Data records:
····················

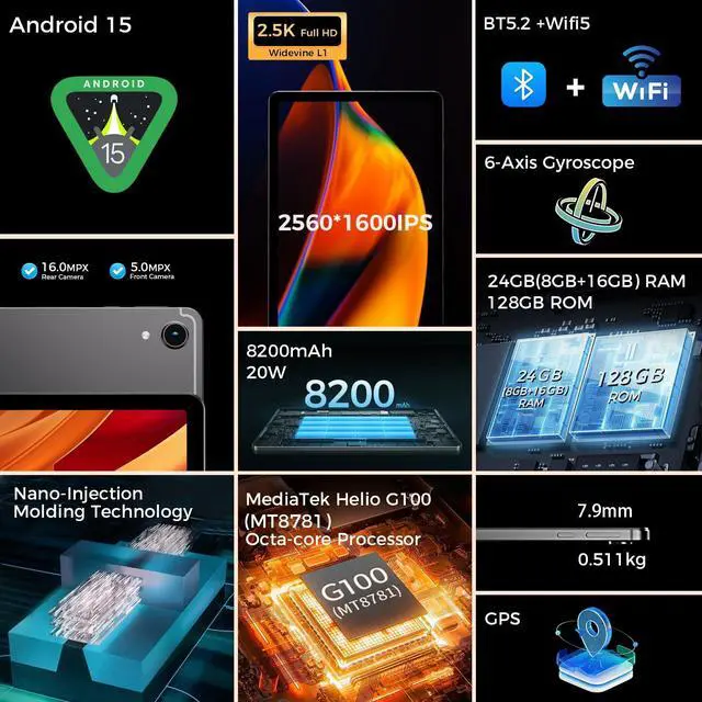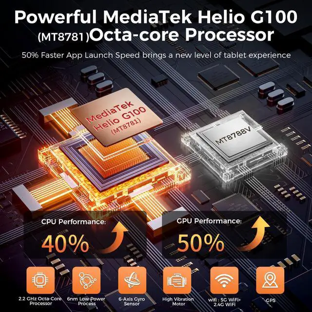 Powerful Performance: Powered by the MediaTek Helio G100(MT8781) processor, this latest 11-inch tablet comes with the latest Android 15 operating system with support for more applications and a 2.2 GHz octa-core processor for improved graphics performance. You will enjoy the smoother running than Android 15 system. Perfect for watching videos, learning, video chatting and reading e-books. The 6nm architecture ensures efficiency and speed, making it ideal for handling demanding apps with ease.
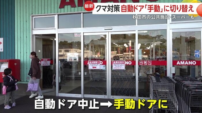 4日も各地で相次いだクマ被害。対策として自動ドアを手動に切り替える施設も。
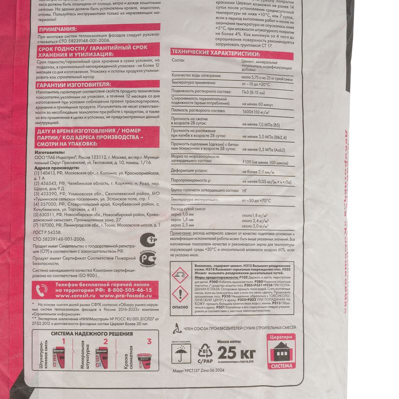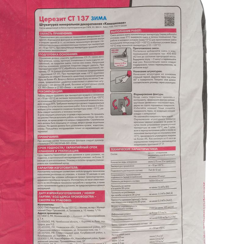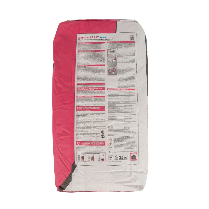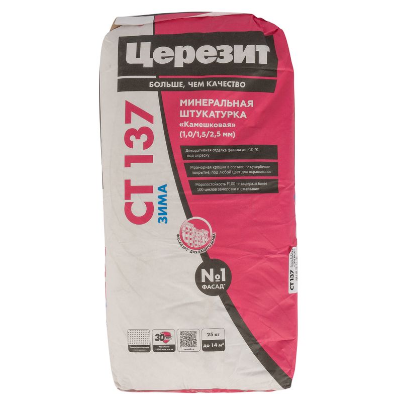 Характеристики товара «Штукатурка декоративная Церезит СТ 137 камешковая зерно 2,5 мм зима 25 кг»
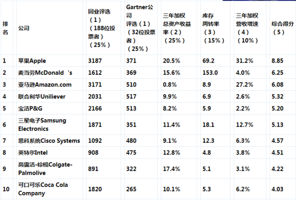 首先我們看一下2014年全球供應(yīng)鏈運(yùn)營(yíng)管理的公司有哪些,排在前頭的是蘋(píng)果,綜合評(píng)分8.85,第二位麥當(dāng)勞公司。
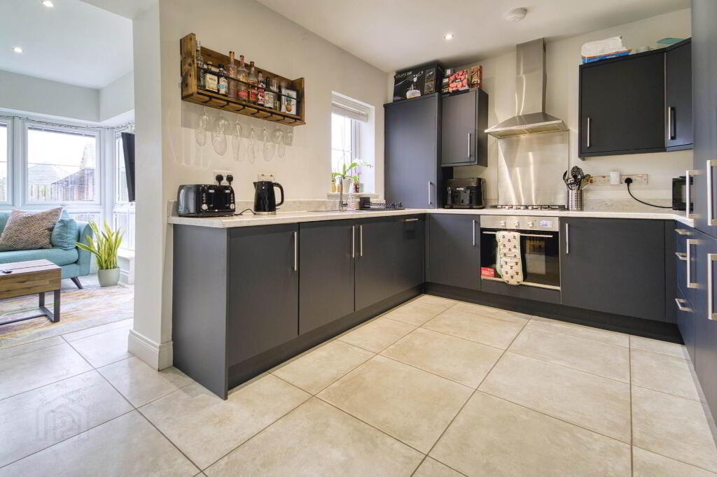 KITCHEN/DINING AREA - 5.47m (17'11") x 2.97m (9'9") Extensive range of high and low level units. Large and small bowl stainless steel sink unit with mixer tap. 4 ring gas hob and built-in oven. Stainless steel splashback and stainless steel extractor unit. Integrated dishwasher. Integrated fridge freezer. Integrated washing machine. Downlighters. Tiled floor.
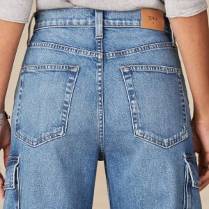 Straight cargo style that sets a relaxed tone for any occasion. Five pockets and two cargo pockets and slight fading. Cotton/elastane. Machine wash. USA. Sizes 24-32. Approx. 33l. 11.25 rise; 20.5 leg opening.

····················

* Directions for this task: Please give an exact copy of the lines from the line containing "首先我們看一下2014年全球" through the end of the records above, pictures excluded.

* Output for this task:
 首先我們看一下2014年全球供應(yīng)鏈運(yùn)營(yíng)管理的公司有哪些,排在前頭的是蘋(píng)果,綜合評(píng)分8.85,第二位麥當(dāng)勞公司。
 KITCHEN/DINING AREA - 5.47m (17'11") x 2.97m (9'9") Extensive range of high and low level units. Large and small bowl stainless steel sink unit with mixer tap. 4 ring gas hob and built-in oven. Stainless steel splashback and stainless steel extractor unit. Integrated dishwasher. Integrated fridge freezer. Integrated washing machine. Downlighters. Tiled floor.
 Straight cargo style that sets a relaxed tone for any occasion. Five pockets and two cargo pockets and slight fading. Cotton/elastane. Machine wash. USA. Sizes 24-32. Approx. 33l. 11.25 rise; 20.5 leg opening.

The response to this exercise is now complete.